Boundaries & Neighbourhood Identity ~ Where is Broomhall?
Project Manager's reflections
By Jennie Beard
Let’s start with one of the main aims of our history project:
“To uncover the hidden heritage and social history of Broomhall to enable a more positive story to be told about the area and to create a more positive identity within the city of Sheffield”.
A Starting Place
More on the nature of its identity later. At the beginning of our project we asked the question – where is Broomhall? What is our research boundary for our project? Which streets are we including and which are we excluding in all the different directions? How do we come up with our project boundary taking into account historical facts, local knowledge and map evidence?
If you ask people who live in this neighbourhood of Sheffield today they will tell you it is a vibrant, diverse community with people living here from all over the world. But what or where do the people who live here relate to as ‘Broomhall’?
In recent years it has been defined perhaps by the boundary set by local community groups, relating to their local activities and where they saw themselves serving.
Residents of the 1990s Springfield estate on the ‘other side of the ring road’ may say “I live on the Springfield Estate”, some may say “I live in Broomhall”, some may say “Near Ta’rn” (Town). Most of us who work in Broomhall include ‘that side of the ring road’ in Broomhall and the ‘Broomhall Flats’ used to stand there in the 1960s to 1980s and the flats were referred to by Broomspring Centre staff simply as ‘Broomhall’ and other areas nearby were called Hanover and Havelock, for example, areas which now are certainly ‘in’ Broomhall. Many of the children at Springfield School, some of whom live on the Springfield estate say they live in Broomhall but those who work in the older cutlery buildings near Milton Street on the next streets over don’t call it Broomhall but say they work near town or near the bottom of the Moor. Those who live in the streets at the heart of the area, e.g. Brunswick Street, Clarke Street, etc definitely say they live in Broomhall (unless they are students then they may say, near the University!). Those who live in the Hanover flats on Exeter Drive say they live in Broomhall though there some say they live in “Hanover”.
Those living at the top of Broomspring Lane, Dorset Street & Gloucester Street mainly say “Broomhall” now but some say “Broomhill”! Residents of Broomhall Park may refer to themselves as living in Broomhall Park or Broomhall or Broomhill as some of the present ward councillors cover this area.
If we look at a modern map it ‘sometimes’ mentions BROOMHALL and sometimes it doesn’t say anything at all. Sometimes it is called BROOMFIELD which in fact is an area further north nearer Broomhill, which few people refer to or know of today.

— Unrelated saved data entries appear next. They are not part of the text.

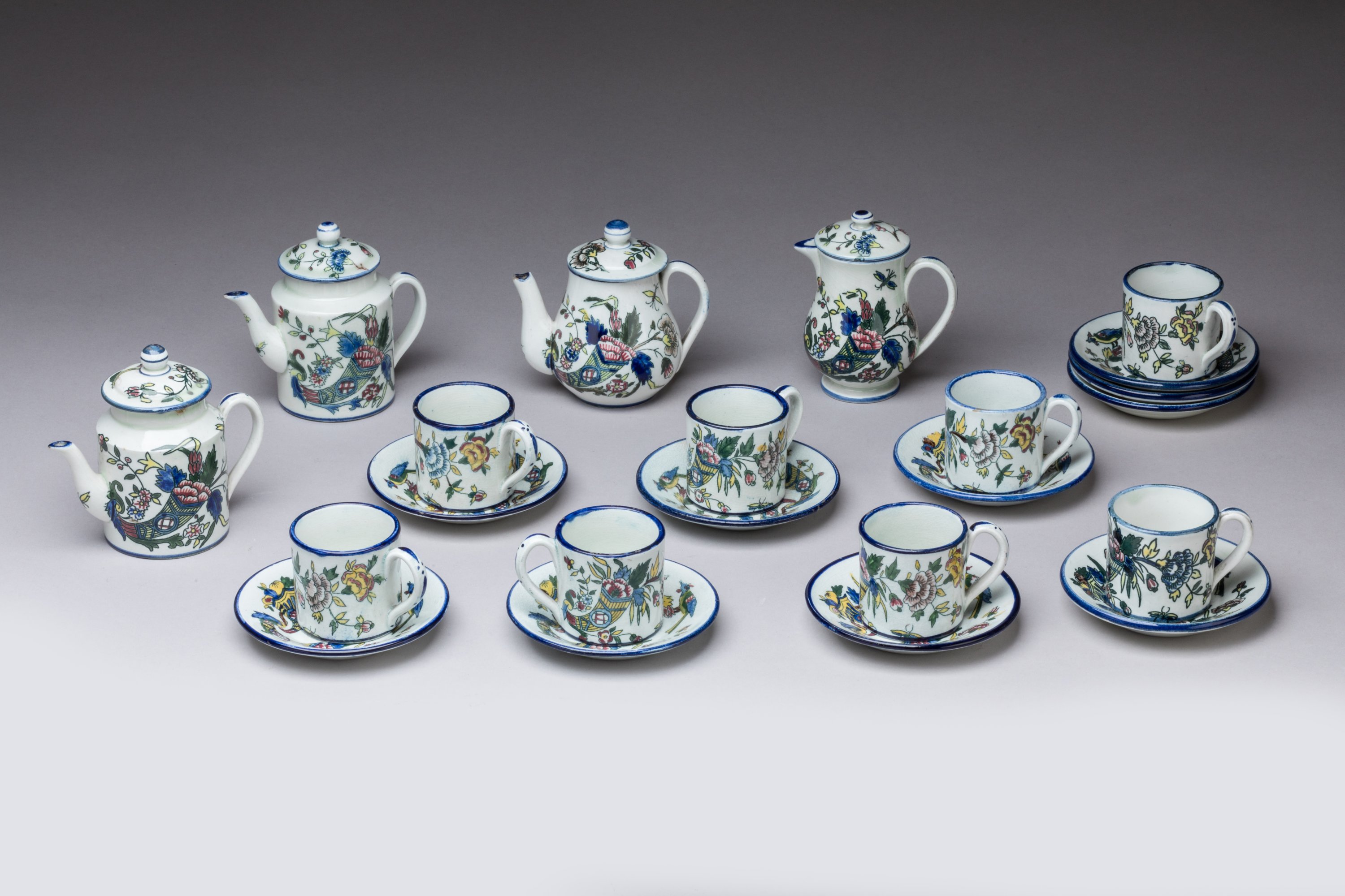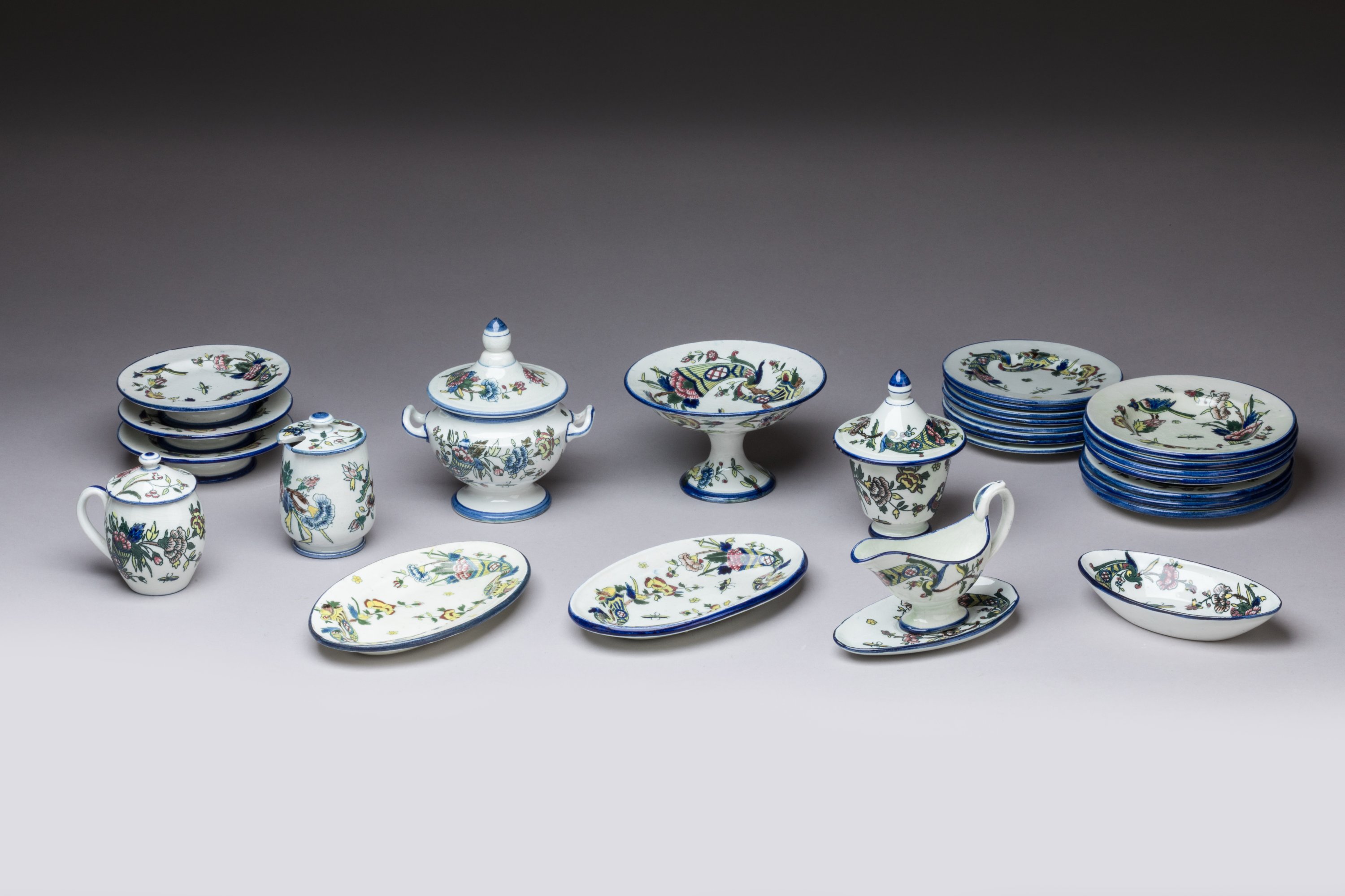 en céramique émaillée, dont huit tasses et sept sous-tasses, dix-huit assiettes, quatre plats et raviers, quatre coupes et dix pièces de forme.
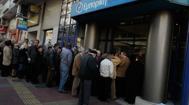Les caisses étant déjà vides (avec en plus des dettes à rembourser d’urgence …) , c’est la ruée des déposants grecs pour retirer leur argent (bank run, ou panique bancaire ) .
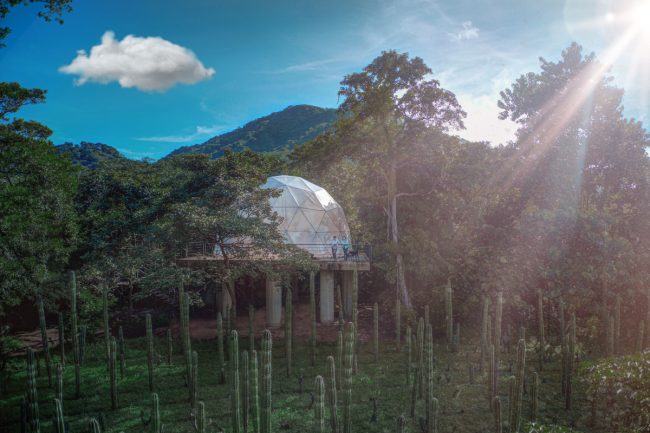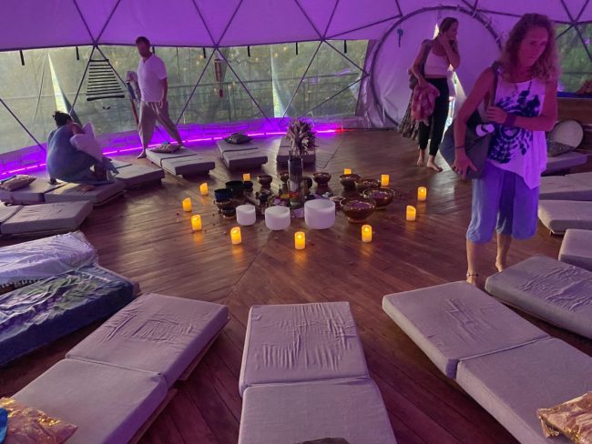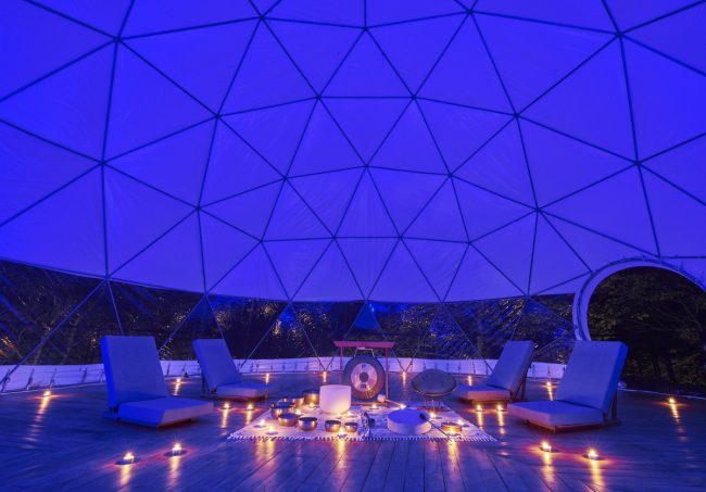 Group sessions are held in a 33-ft air-conditioned geodesic dome, ideal for workshops, movement, meditation, and ceremonies.

So we already had a lot of different possibilities to start making our project boundaries…then we started looking further back in time…
Historical Boundaries
We knew historically that Broomhall is named after the 15th century house Broom Hall and its estate, the Broomhall estate, often called ‘Broomhale’ on older maps. This was a more confined area originally spreading outwards from the present Broomhall Road and Broomhall Street towards town, its lodge house being on the crossroads opposite where St Silas church is now.
Most people in Sheffield don’t think of the area nearer Waitrose and the other side of Ecclesall (Eccy) Road as Broomhall so Eccy Road initially seemed like a possible good boundary for us to set in the South. However, we then discovered that Broomhall Mill and Broomhall Wheel used to be near Napier Street, near Watitrose in the 19th century so we decided to edge our boundary outwards. Then we discovered that people who live on the other side of Eccy Road near the General Cemetery actually have ‘Broomhall’ in their address, and sure enough we found on the old maps this area was called ‘Broomhall Meadows’ on earlier maps. So our boundary spread a little further that way. We decided to make Glossop Road/West Street and Clarkehouse Road our boundaries to the north and west though later in the project we noticed on censuses that the streets nearer the Hallamshire hospital and Children’s hospital were also in the Broomhall area and we wondered if we should have included there too! But as no-one today called that area ‘Broomhall’ today we left it out. The Hallam campus on Collegiate crescent was our western boundary when we discovered the next ‘estate’ over was the original Southgrove estate and separate to the Broomhall estate. It threw us a little however when we saw that Sheffield Archives had images listed under Broomhall that included the Botanical gardens and streets almost up to Hunters Bar. We then discovered that the Broomhall estate had in fact at one time sretched that far. We decided however to still limit our project boundary to Southgrove Road.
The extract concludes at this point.